Comment 2 Raphaël Hertzog 2013-07-09 03:32:10 EDT
I don't know what those complaints were… but if they were legitimate, then maybe it means that we need some options?
Comment 3 Jeff Fearn 2013-07-09 03:44:28 EDT
In the specific case of epubs the inclusion is invalid and unused files should be excluded.
Comment 4 Jeff Fearn 2013-07-09 03:45:07 EDT
(In reply to Jeff Fearn from comment #3) > In the specific case of epubs the inclusion is invalid and unused files > should be excluded. In the specific case of epubs the inclusion is invalid and unused images should be excluded.
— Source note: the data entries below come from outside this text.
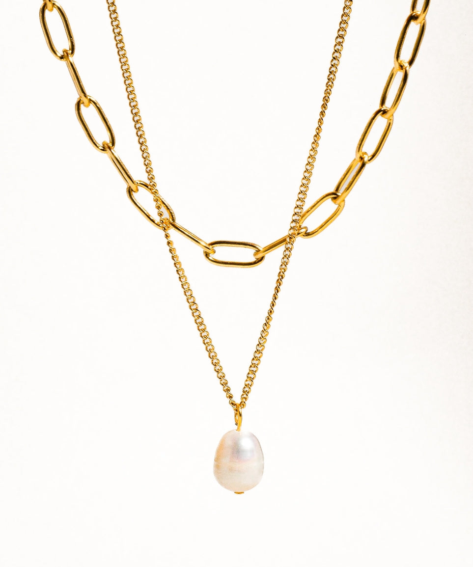 Percy 18K Gold Layered Chain Pearl Necklace
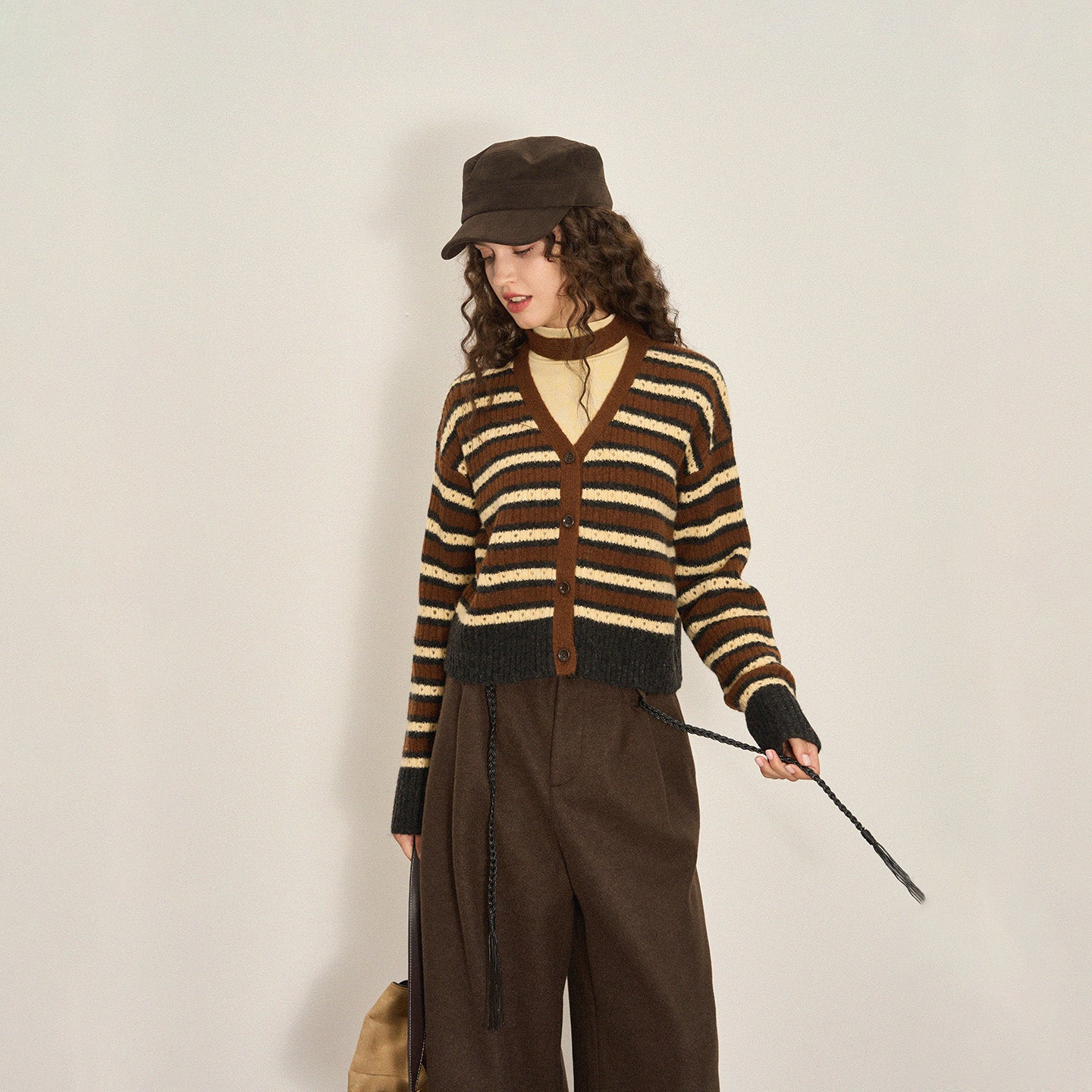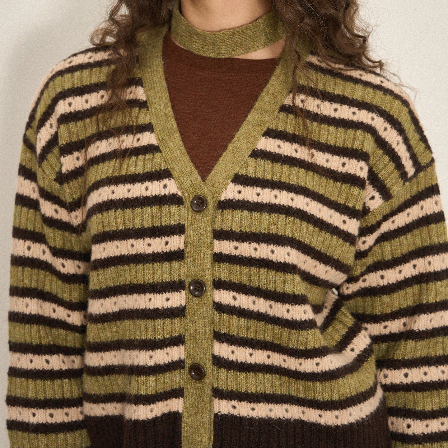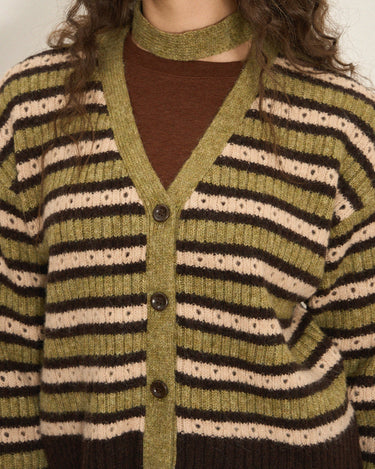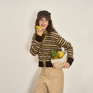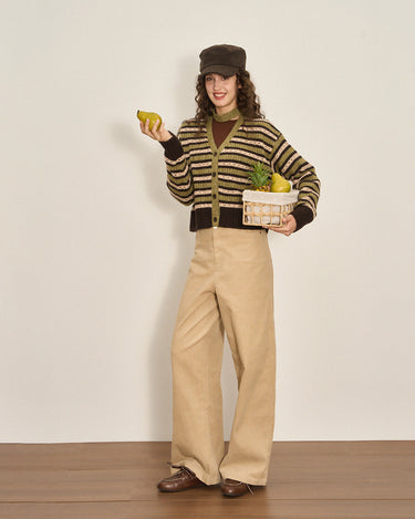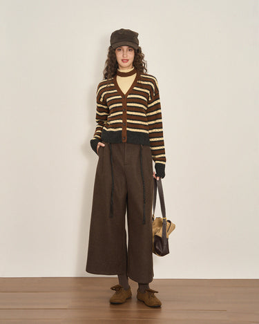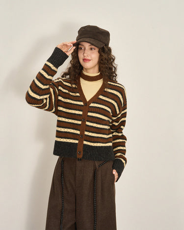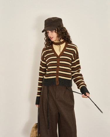 Cropped Color-Block Wool Blend Cardigan
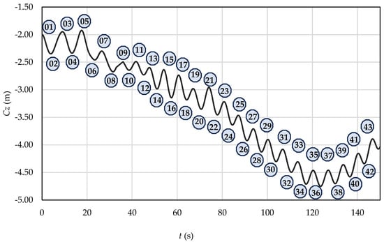 In this sense, in the code, the inertia moments are defined as zero, so the mass distribution of the system does not make it susceptible to rotation around its principal axes when subjected to external forces. Displacement constraints are applied to the SHP, allowing translational movement only along the z-axis, while rotational movements around the x-, y-, and z-axes are restricted. This configuration simulates anchoring by cables 1 to 8, resulting in significant displacements only along the z-axis direction (Cz), as illustrated in Figure 4.
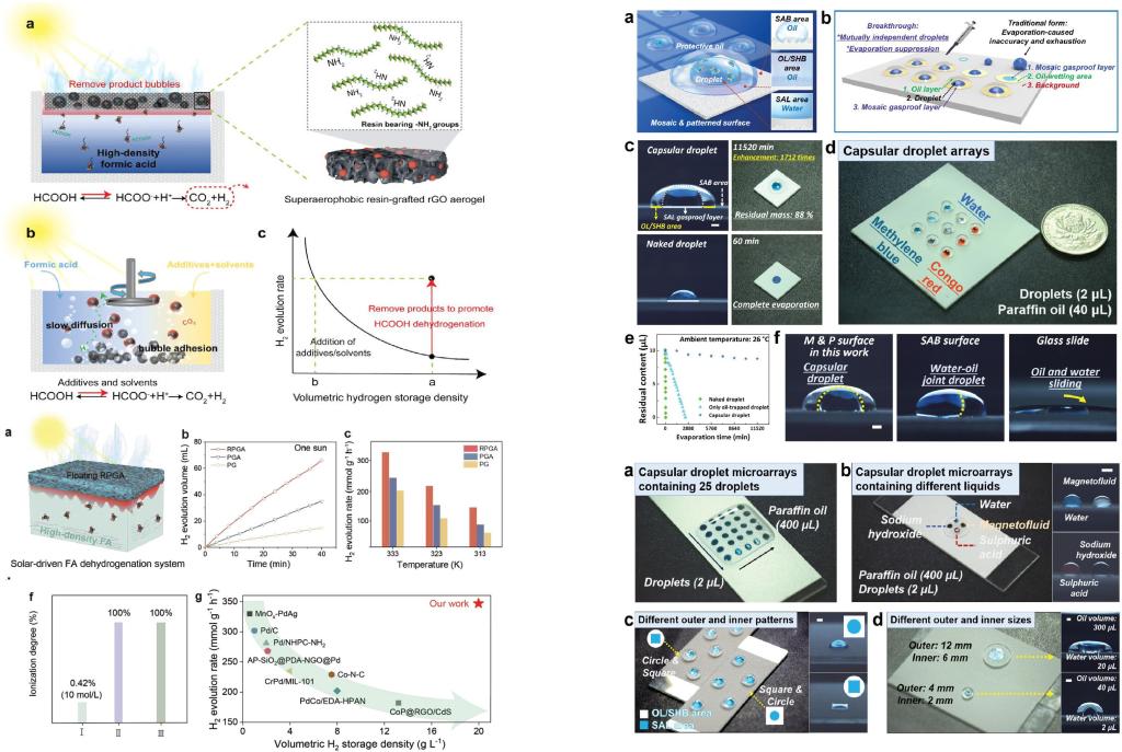 李林副教授、蒋博副教授等人提出了一种超疏气界面光热催化策略,通过加速产物移除驱动液氢载体的脱氢过程,解决了助剂/溶剂添加引起的储氢密度下降的问题。构建了一种具有多级孔结构的树脂接枝rGO气凝胶,得益于其超疏气表面特性和结构导向的气液界面设计,产物气泡得以快速从活性位点脱离。该气凝胶在19.8 g L-1的超高储氢密度液氢载体中获得了高达347 mmol g-1 h-1的释氢速率。与当前最先进的材料和储氢体系相比,其析氢速率提高了2倍,储氢密度提升了10倍。该策略不仅解决了高储氢密度液氢载体释氢速率低的问题,同时将太阳能界面蒸发技术拓展至涉及多相催化的能源、环境等领域。该成果以“Superaerophobic Resin-grafted rGO Aerogel with Boosted Product Removal Delivering High-Performance Hydrogen Release at Ultrahigh Storage Density”为题发表在《Small》期刊上。张倩博士生为第一作者,蒋博副教授为共同通讯作者,李林副教授为最后通讯作者。

FTFM
Comment 5 Jeff Fearn 2013-09-30 02:41:30 EDT
The approach I'm going to take here is to add every file in the OEBPS directory to the manifest. To remove the files we'd need to parse every XML, CSS, and jscript file. I don't think that is realistic.
Comment 6 HSS Product Manager 2013-09-30 02:47:40 EDT
HSS-QE has reviewed and declined this request. QE for this bug will be handled by IED.
Comment 7 Jeff Fearn 2013-09-30 20:07:26 EDT
Made code include all files in list. Excluding unused content from output is a more generic problem as it affects all HTML output. To ssh://git.fedorahosted.org/git/publican.git 8711fbe..9d087c5 HEAD -> devel
Comment 8 Ruediger Landmann 2013-10-10 21:12:37 EDT
Unused images still seem to get included by publican-3.9.9-0.fc19.t4.noarch This images directory contains two images, one used and one not. Both of them get included in the .epub: $ ls en-US/images/ powertop.png Sun_Conure_on_perch.jpg $ publican build --formats epub --langs en-US $ ls tmp/en-US/epub/OEBPS/images/ powertop.png Sun_Conure_on_perch.jpg $ unzip -l tmp/en-US/Red_Hat_Enterprise_Linux-6-Power_Management_Guide-en-US.epub |grep OEBPS/images 125512 10-11-2013 11:10 OEBPS/images/powertop.png 3362485 10-11-2013 11:10 OEBPS/images/Sun_Conure_on_perch.jpg
Comment 9 Jeff Fearn 2013-10-10 21:38:01 EDT
To clarify on #7, the fix in this bug is to correctly list all files shipped. A fix for shipping unused files is a much larger issue and covers more than epubs, nd won't be addressed in this bug.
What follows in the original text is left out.